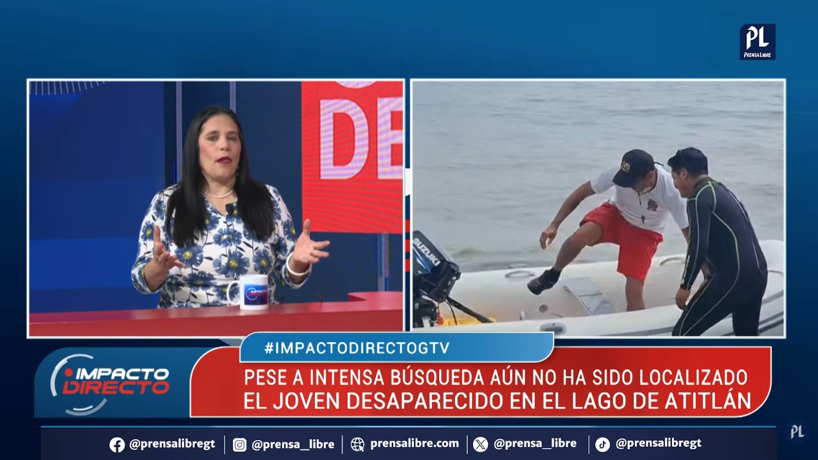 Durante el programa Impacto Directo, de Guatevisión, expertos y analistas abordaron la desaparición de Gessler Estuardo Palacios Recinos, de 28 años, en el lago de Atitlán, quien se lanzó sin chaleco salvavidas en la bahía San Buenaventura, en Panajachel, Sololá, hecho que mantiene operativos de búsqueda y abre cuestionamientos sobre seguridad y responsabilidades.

--

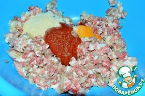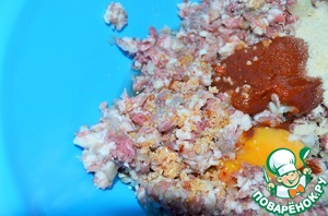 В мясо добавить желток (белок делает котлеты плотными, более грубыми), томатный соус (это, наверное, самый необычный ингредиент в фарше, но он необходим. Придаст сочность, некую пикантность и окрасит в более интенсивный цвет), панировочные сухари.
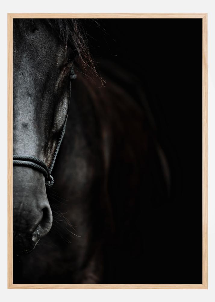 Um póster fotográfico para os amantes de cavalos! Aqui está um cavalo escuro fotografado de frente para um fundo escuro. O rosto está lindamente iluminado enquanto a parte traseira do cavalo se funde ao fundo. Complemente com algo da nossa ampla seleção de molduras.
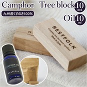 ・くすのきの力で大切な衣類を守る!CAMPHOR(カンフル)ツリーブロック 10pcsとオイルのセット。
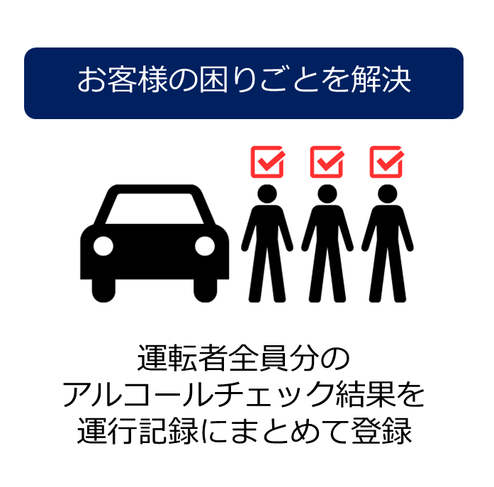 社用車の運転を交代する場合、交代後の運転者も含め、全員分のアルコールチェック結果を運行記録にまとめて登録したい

- **Work to complete**:
Print the part of the listing above that opens with the line containing "В мясо добавить" and closes with the line containing "社用車の運転を交代する場合、". Copy it exactly, both ends included, and omit the pictures.

- **Response to the exercise**:
 В мясо добавить желток (белок делает котлеты плотными, более грубыми), томатный соус (это, наверное, самый необычный ингредиент в фарше, но он необходим. Придаст сочность, некую пикантность и окрасит в более интенсивный цвет), панировочные сухари.
 Um póster fotográfico para os amantes de cavalos! Aqui está um cavalo escuro fotografado de frente para um fundo escuro. O rosto está lindamente iluminado enquanto a parte traseira do cavalo se funde ao fundo. Complemente com algo da nossa ampla seleção de molduras.
 ・くすのきの力で大切な衣類を守る!CAMPHOR(カンフル)ツリーブロック 10pcsとオイルのセット。
 社用車の運転を交代する場合、交代後の運転者も含め、全員分のアルコールチェック結果を運行記録にまとめて登録したい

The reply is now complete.